Brooks Automation acquires Zygo Corp.’s automation systems group

Dec. 14, 2001 – Chelmsford, MA – Brooks Automation Inc., a supplier of tool and factory hardware and software automation solutions, has completed the purchase of the automation systems group of Zygo Corp.

Zygo’s automation systems group is a manufacturer of reticle automation systems including reticle sorters, reticle macro inspection systems, and reticle handling solutions.

The purchase method of accounting will be used to account for the cash transaction of approximately $11 million.

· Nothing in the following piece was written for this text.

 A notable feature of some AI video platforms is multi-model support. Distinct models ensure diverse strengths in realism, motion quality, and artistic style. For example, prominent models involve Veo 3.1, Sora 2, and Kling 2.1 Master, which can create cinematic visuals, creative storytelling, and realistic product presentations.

“The Zygo automation systems acquisition is an important part of Brooks Automation’s strategy of supplying an integrated suite of lithography automation systems,” said Robert Therrien, president and CEO of Brooks. “The cost of advanced photomask sets can now exceed $500,000, causing semiconductor manufacturers to turn increasingly toward automated reticle handling systems to eliminate problems that may be caused by manual operations. This acquisition will enable Brooks to provide a more complete solution for lithography automation.”

Zygo will retain its core automation business in Delray Beach, FL, for metrology integrated solutions and photonic and electronic module assembly.

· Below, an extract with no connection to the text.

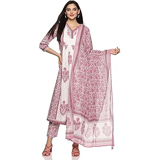 Amazon Brand – Myx Women’s Embroidered Kurta Pant Set with Contrast Dupatta

In other Brooks Automation news, Brooks and PRI Automation Inc.

have received a request for additional information pertaining to Brooks’ pending acquisition of PRI — a $380 million deal that, if completed, will create the world’s largest automation company, Brooks-PRI Automation.

The request was made by the antitrust division of the Department of Justice (DOJ).

The waiting period applicable to the pending acquisition under the US Hart-Scott-Rodino Antitrust Improvements Act will expire 30 days after substantial compliance with the request for additional information, unless terminated earlier by the DOJ.

The companies said they intend to respond as quickly as possible to the second request. However, the companies cannot estimate how long it will take to achieve substantial compliance with the second request. Subject to completion of the Hart-Scott-Rodino process, and satisfaction of other customary closing conditions contained in the definitive merger agreement, including Brooks and PRI stockholder approval, the companies anticipate the acquisition will close in 1Q02, as announced previously.